Moreover, in the medical image processing device according to the present disclosure, the image processor is configured to generate; for each pixel, synthetic data in which the first image data of each pixel of the group of first pixels is blended with the second image data of each pixel of the group of second pixels, as display data of each pixel of the group of second pixels.

Moreover, in the medical image processing device according to the present disclosure, the synthetic data is generated by blending using data information of at least one of hue, luminance, and saturation of each pixel of the first image and second image.

Moreover, in the medical image processing device according to the present disclosure, the specific region is a light-emitting region that emits light in response to irradiation of a fluorescent substance with excitation light.

Moreover, a medical observation system according to the present disclosure includes: the medical image processing device according to the present disclosure; a light source device configured to emit white light and near-infrared light to a subject where a fluorescent substance is sprayed; and an observation device configured to generate the first image data by receiving reflection light from the subject in a case where the white light is emitted, and generate the second image data by receiving light emitted from the fluorescent substance when the near-infrared light is emitted, wherein the medical image processing device is configured to acquire the first image data and the second image data from the observation device.

Advantageous Effects of Invention

According to the present disclosure, the boundary between the specific region and the visible image can be effectively made clear.

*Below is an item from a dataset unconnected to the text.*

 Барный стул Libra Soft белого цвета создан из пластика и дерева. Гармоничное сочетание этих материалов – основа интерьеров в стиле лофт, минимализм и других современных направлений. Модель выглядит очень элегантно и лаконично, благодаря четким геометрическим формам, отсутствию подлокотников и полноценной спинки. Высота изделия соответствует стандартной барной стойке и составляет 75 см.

BRIEF DESCRIPTION OF DRAWINGS

FIG. 1 is a diagram illustrating a schematic configuration of an endoscope system according to a first embodiment.

FIG. 2 is a block diagram illustrating functional configurations of a light source device a camera head, and a control device included in the endoscope system according to the first embodiment.

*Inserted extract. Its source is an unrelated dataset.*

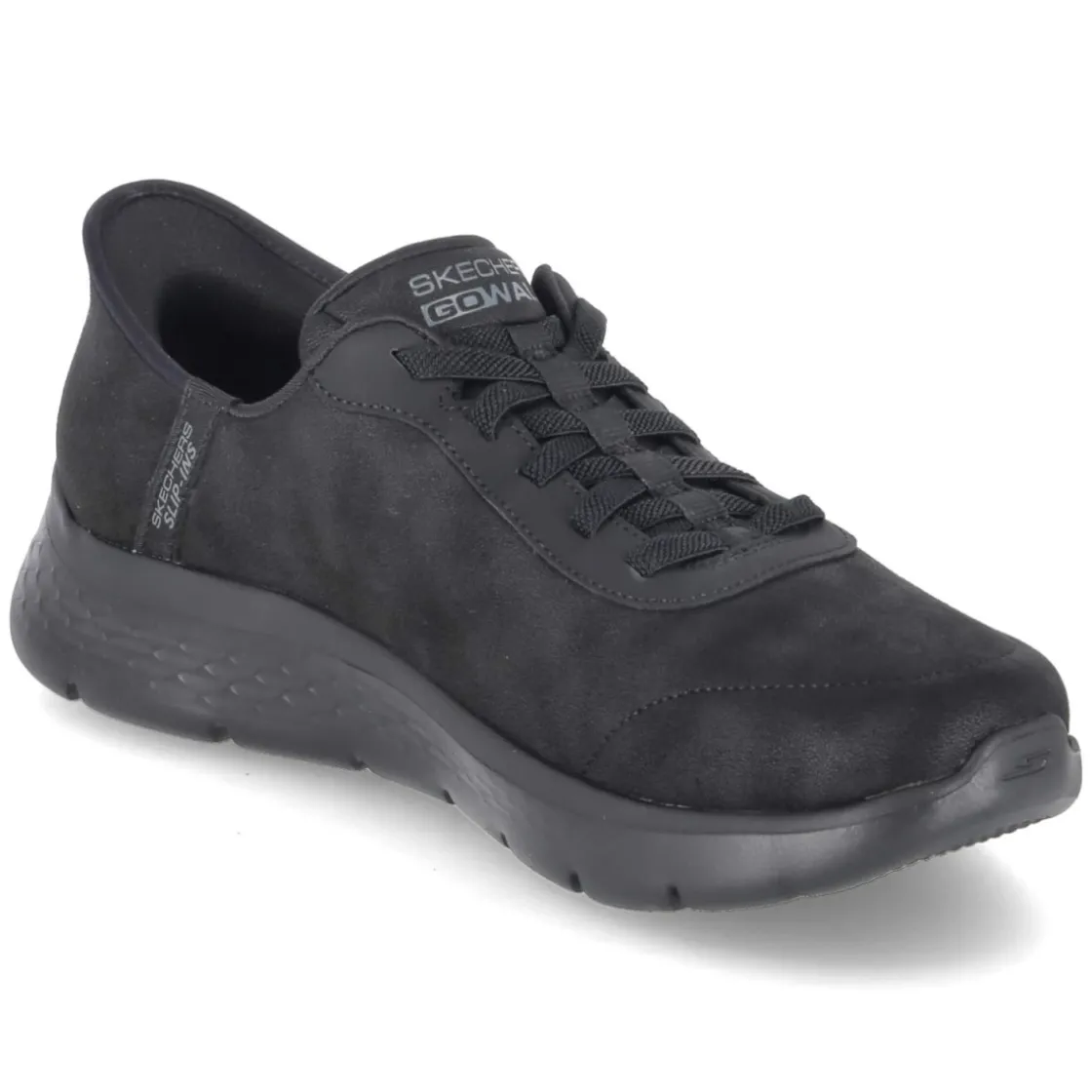 Der Skechers Slip-Ins SMOOTH MOTION für Herren vereint Komfort und Alltagstauglichkeit in einer cleanen, schwarzen Silhouette. Das textile Obermaterial mit runder Spitze liegt leicht am Fuß, während die beste Memory-Foam-Fußbettung jeden Schritt weich abfedert. Dank Slip-Ins-Konstruktion und gepolsterter Einstiegshilfe gelingt der Einstieg mühelos; ein Elastikband in Schnüroptik sorgt für einen sportiven Akzent. Die GO WALK FLEX Plattform stützt dynamische Abrollbewegungen, verstärkte Zonen an Ferse und Zehen erhöhen die Langlebigkeit. Eine flexible, rutschfeste Laufsohle bietet sicheren Halt auf verschiedensten Untergründen. Maschinenwaschbar und mit Decksohle aus Textil ausgestattet, fällt dieses Modell normal aus und passt damit zuverlässig. Modetipp: Mit schmalen Chinos und einem strukturierten Strickpullover entsteht ein smarter Casual-Look, der im Büro wie auf Reisen überzeugt.

FIG. 3 is a flowchart illustrating the outline of a process performed by an endoscope system 1 according to the first embodiment.

FIG. 4 is a view schematically illustrating an example of a first image generated by an imaging unit.

FIG. 5 is a view schematically illustrating an example of a second image generated by the imaging unit.

FIG. 6 is a view schematically illustrating an example of a third image generated by an image processing unit.

FIG. 7 is an enlarged view of a part of a feature area of FIG. 6.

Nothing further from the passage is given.